In an NMR experiment, you don't measure this angular momentum directly: what you measure is the voltage induced in a coil by the net magnetisation of the chemical sample. The larger this magnetisation, the stronger the signal. The magnetisation, in turn, is directly proportional to the angular momentum:*

$$M = \gamma I,$$

where $$\gamma$$ is a physical constant (the gyromagnetic ratio of the nucleus being studied). And the angular momentum is proportional to the population difference, which is proportional to the energy difference.

Much of this is covered in standard magnetic resonance textbooks such as Keeler's Understanding NMR Spectroscopy and Levitt's Spin Dynamics, which I'd strongly suggest reading.

DNP causes a massive splitting of energy levels

That's not true; DNP doesn't change the energy levels. Hyperpolarisation techniques (including DNP) seek to establish a non-equilibrium population difference which is much larger than the Boltzmann population difference.

* The magnetisation that is detected must lie along the $$xy$$-plane.
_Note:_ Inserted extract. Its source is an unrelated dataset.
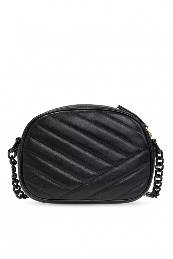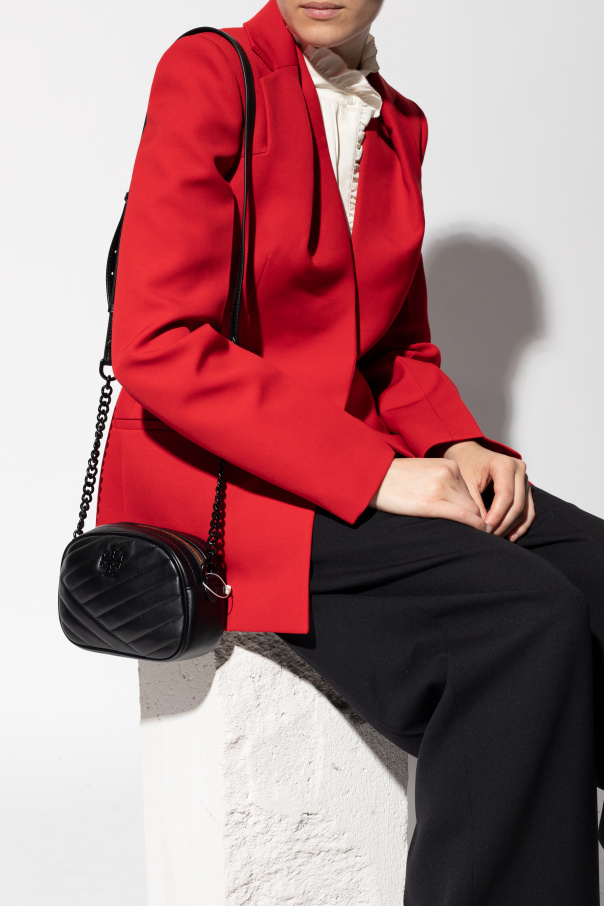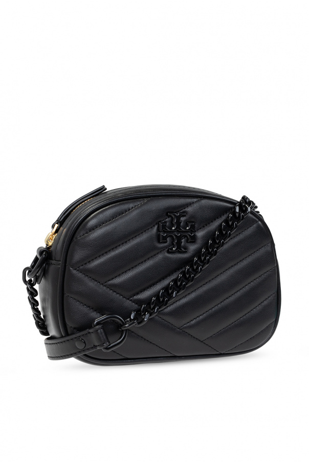 Black ‘Kira’ shoulder bag from Tory Burch. Crafted from leather, this design secures with a zip and showcases a black logo appliqué, a chain-reinforced shoulder strap, gold-tone metal hardware and one internal compartment with two slip pockets and one zip pocket.

The NMR experiment must rotate this magnetisation from the $$z$$-axis into the $$xy$$-plane. However, this doesn't affect the conclusions above, as the rotation cannot change the amount of magnetisation available. So the initial $$z$$-magnetisation still determines how much signal is observed. (For the very nitpicky, I'm ignoring non-unitary transformations.)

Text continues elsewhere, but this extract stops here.